MET is a high affinity tyrosine kinase receptor for hepatocyte growth factor (HGF)/ scatter factor. The binding of HGF results in autophosphorylation of MET at multiple tyrosine residues and activation of many downstream signaling components, which produce profound effect on cellular motility, growth, survival, invasion, and metastasis (49). Alteration of MET pathway contributes to the development and progression of a number of human tumors. Amplification of the MET gene has been detected in gastric cancers (10~20%) and esophageal cancers (50, 51). In addition, activating mutations of MET are observed in papillary renal carcinoma (52). MET amplification has been observed in NSCLC and it is associated with EGFR-TKI resistance (53, 54). Its incidence is about 21% (9 out of 43) among patients with acquired resistance. Among untreated patients it occurs much less frequently (about 3%) (53). MET amplification is able to activate ERBB3 (HER3)-dependent PI3K/Akt pathway, and ultimately lead to gefitinib resistance (54). Its occurrence is independent of T790M (53).

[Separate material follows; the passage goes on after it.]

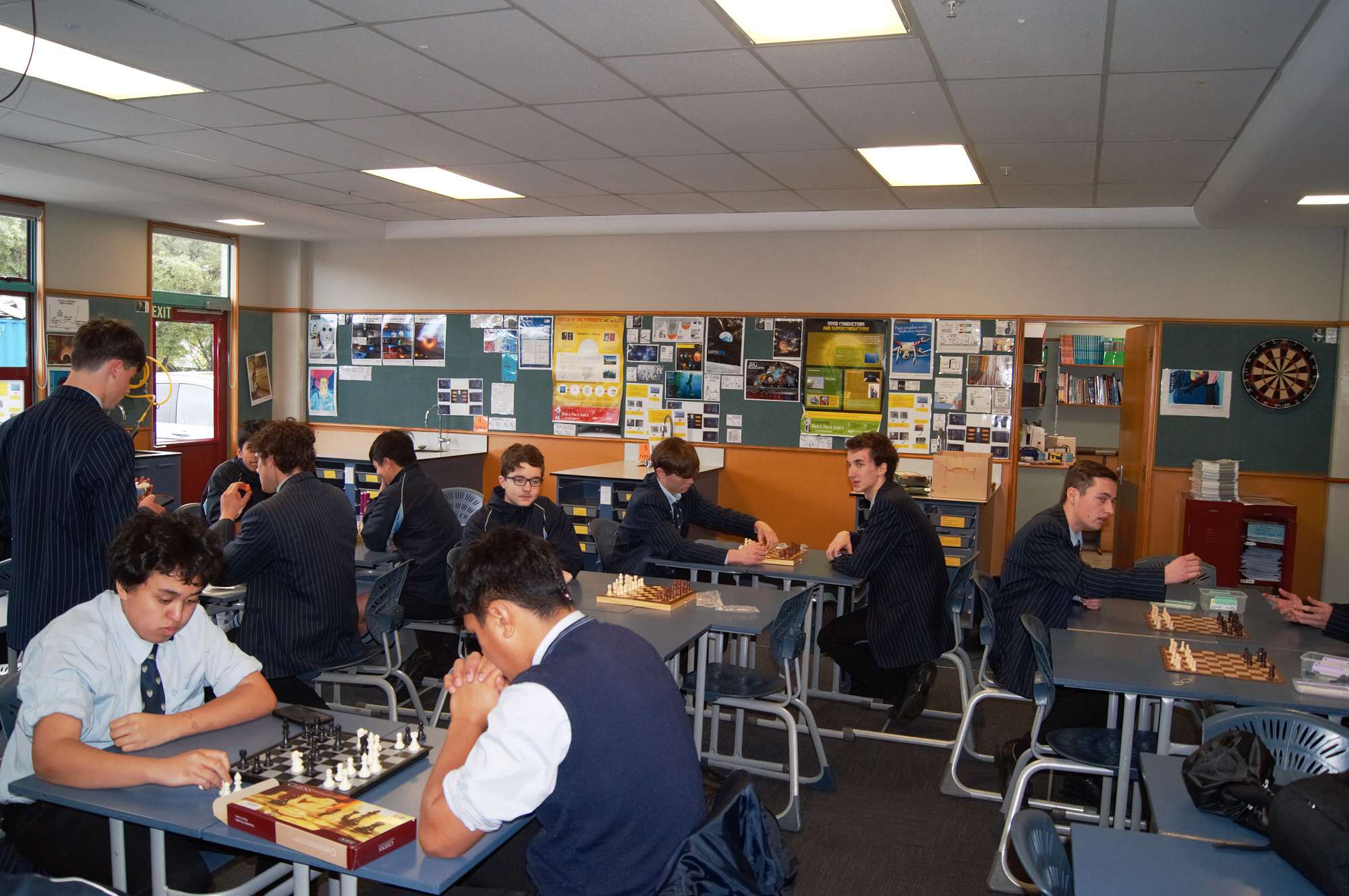At lunchtime students were spoilt for choice: the House Chess Competition playing off in B Block, the International student luncheon to farewell four students, and a visit from Queen's High School prefects to play Basketball with our prefects in the gym.
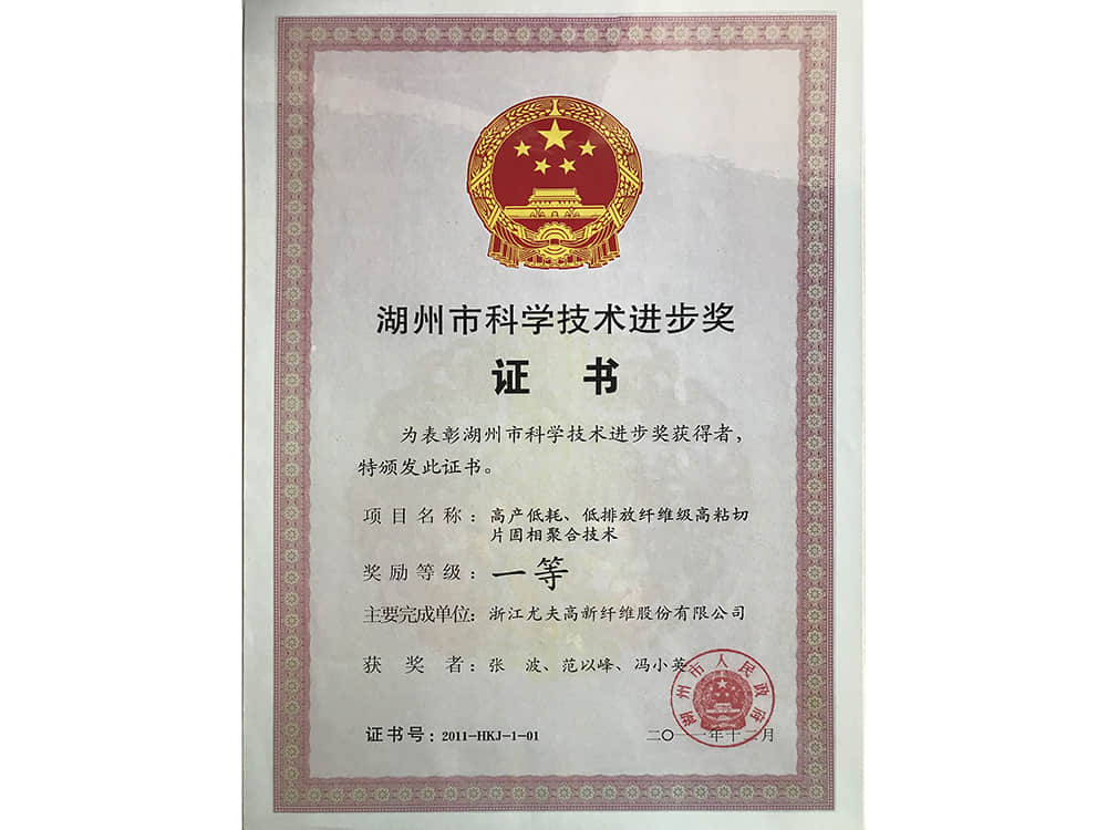 2011湖州市科技進步一等獎

Ras is one of the important molecules in the downstream of EGFR signaling pathway. Ras is able to activate serine/theronine kinase Raf, the mitogen-activated protein kinases ERK1 and ERK2, and a number of nuclear proteins to promote cell proliferation. Ras genes, especially K-ras, have been implicated in the pathogenesis and prognosis of lung cancer (55). Mutated K-ras can been observed among 20~30% NSCLC patients. Majority of the mutations (approximately 80~90%) are guanine to thymine transversion in codon 12, which results in constitutive activation of K-ras protein (56, 57). NSCLC patients with K-ras mutations are associated with unfavorable prognosis (58-60).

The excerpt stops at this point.